Monday 22 December 2014

Thinking the Unthinkable - first published 22nd December 2014

During the long referendum campaign, online commentators such as myself had to think hard about the potential negative impact on YES of raising certain questions, offering certain opinions, addressing certain topics, voicing certain criticisms, and the wisdom of giving them “the oxygen of publicity”.

The campaign inevitably polarised opinion, and given the tsunami of abuse and misinformation thrown at YES by the Better Together campaign, the might of the UK unionist media and the Whitehall and the Treasury machines, I was reluctant, like many others, to risk giving ammunition to the other side.

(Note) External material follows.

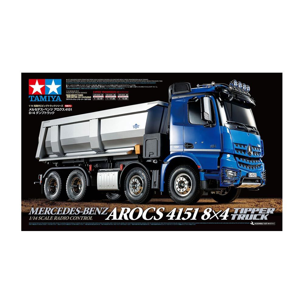 La forma del Arocs 4151 se recrea con una carrocería moldeada por inyección, que incluye representaciones de los rieles de la cabina, el conducto de admisión y otros detalles. Las piezas separadas recrean espejos laterales y visera, etc.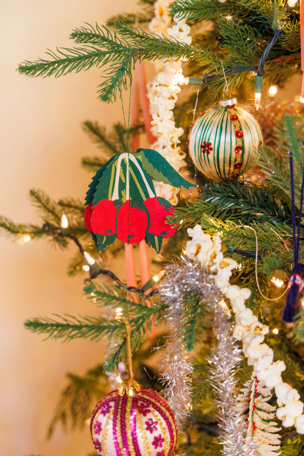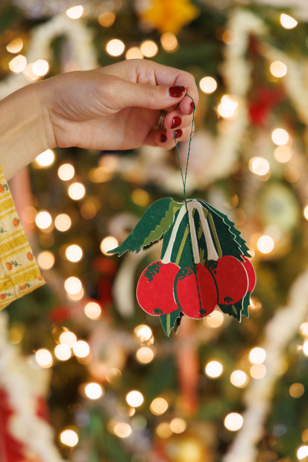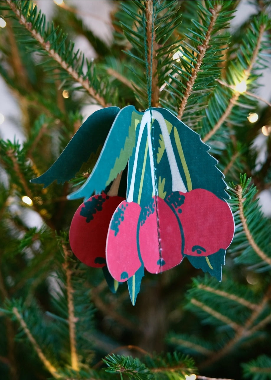 Four traditional festive plants make up this set of fold out paper decorations. Featuring ivy, holly, mistletoe and red berries. Screen printed by hand on both sides by talented artisans in Jaipur.

But this instinct had to be rationally balanced against to need to correct perceived inaccuracies and damaging beliefs (I mean as perceived by me) that, if not countered, would have pernicious effects on our struggle for the independence vote. This led me into difficult waters over, for example, the BBC and NATO, where I felt I was serving the cause more effectively by speaking out than maintaining a silence. The question of BBC bias – where I took the position that, although there were many specific examples of blatant bias, the BBC was not the devil incarnate, and much of its output was not only objective, but absolutely vital to informing the electorate – was a long running war with other YES supporters, many of whom I had, and still have the highest respect for.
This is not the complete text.